What this task involves:
Start the copy at the line containing "春夏季新款辣妹性感绑带设计感独特别致针织小衫,独立..." and run it through the last line of the records. Repeat each line exactly; omit pictures.

Items listed in a dataset:
%%

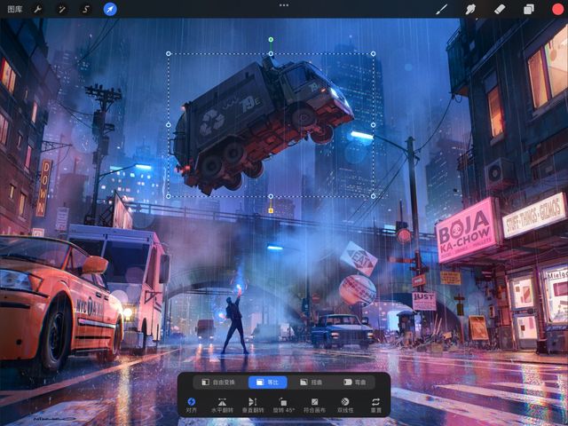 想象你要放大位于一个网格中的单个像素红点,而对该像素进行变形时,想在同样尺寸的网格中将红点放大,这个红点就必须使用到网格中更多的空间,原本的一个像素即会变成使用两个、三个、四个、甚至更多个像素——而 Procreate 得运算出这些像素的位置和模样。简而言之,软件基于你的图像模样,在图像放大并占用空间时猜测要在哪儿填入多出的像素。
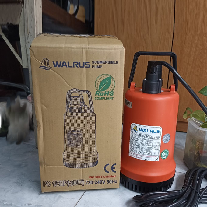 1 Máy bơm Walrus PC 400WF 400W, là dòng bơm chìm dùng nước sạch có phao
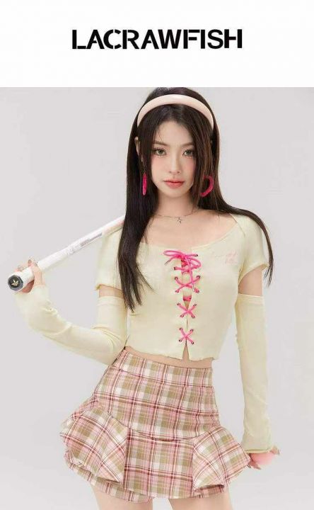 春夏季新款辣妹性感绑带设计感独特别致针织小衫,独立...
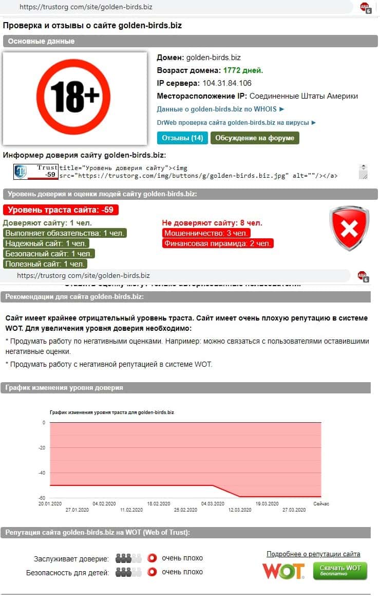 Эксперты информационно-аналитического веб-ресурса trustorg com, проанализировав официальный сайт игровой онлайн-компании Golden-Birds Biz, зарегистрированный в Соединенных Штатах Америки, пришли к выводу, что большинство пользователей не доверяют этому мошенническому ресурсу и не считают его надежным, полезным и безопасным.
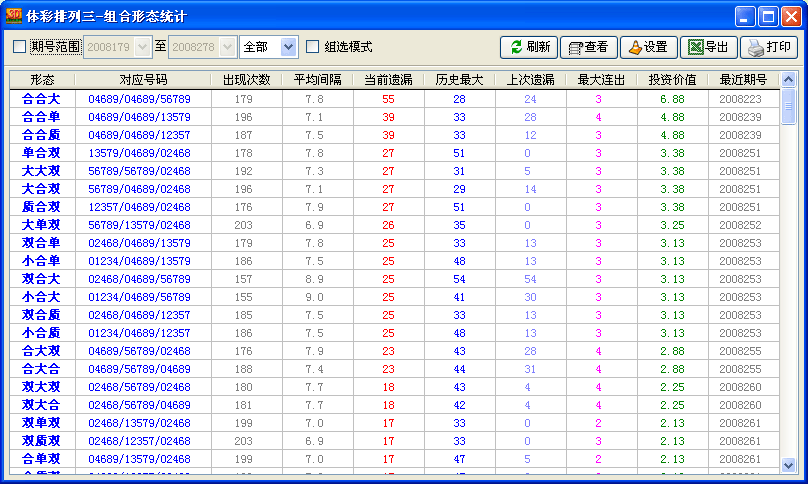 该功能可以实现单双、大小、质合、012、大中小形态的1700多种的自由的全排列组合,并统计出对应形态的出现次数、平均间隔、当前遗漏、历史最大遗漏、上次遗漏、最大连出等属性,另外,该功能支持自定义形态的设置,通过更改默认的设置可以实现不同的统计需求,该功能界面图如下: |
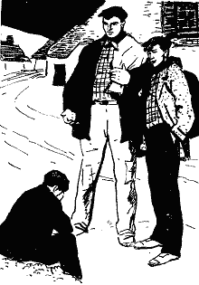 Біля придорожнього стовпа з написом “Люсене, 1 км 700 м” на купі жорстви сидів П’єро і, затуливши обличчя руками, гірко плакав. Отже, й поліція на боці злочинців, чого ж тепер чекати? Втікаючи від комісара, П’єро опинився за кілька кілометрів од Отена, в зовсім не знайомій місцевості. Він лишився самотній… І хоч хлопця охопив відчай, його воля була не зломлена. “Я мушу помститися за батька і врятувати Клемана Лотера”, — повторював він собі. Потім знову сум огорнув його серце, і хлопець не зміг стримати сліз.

%%

Response for this exercise:
 春夏季新款辣妹性感绑带设计感独特别致针织小衫,独立...
 Эксперты информационно-аналитического веб-ресурса trustorg com, проанализировав официальный сайт игровой онлайн-компании Golden-Birds Biz, зарегистрированный в Соединенных Штатах Америки, пришли к выводу, что большинство пользователей не доверяют этому мошенническому ресурсу и не считают его надежным, полезным и безопасным.
 该功能可以实现单双、大小、质合、012、大中小形态的1700多种的自由的全排列组合,并统计出对应形态的出现次数、平均间隔、当前遗漏、历史最大遗漏、上次遗漏、最大连出等属性,另外,该功能支持自定义形态的设置,通过更改默认的设置可以实现不同的统计需求,该功能界面图如下: |
 Біля придорожнього стовпа з написом “Люсене, 1 км 700 м” на купі жорстви сидів П’єро і, затуливши обличчя руками, гірко плакав. Отже, й поліція на боці злочинців, чого ж тепер чекати? Втікаючи від комісара, П’єро опинився за кілька кілометрів од Отена, в зовсім не знайомій місцевості. Він лишився самотній… І хоч хлопця охопив відчай, його воля була не зломлена. “Я мушу помститися за батька і врятувати Клемана Лотера”, — повторював він собі. Потім знову сум огорнув його серце, і хлопець не зміг стримати сліз.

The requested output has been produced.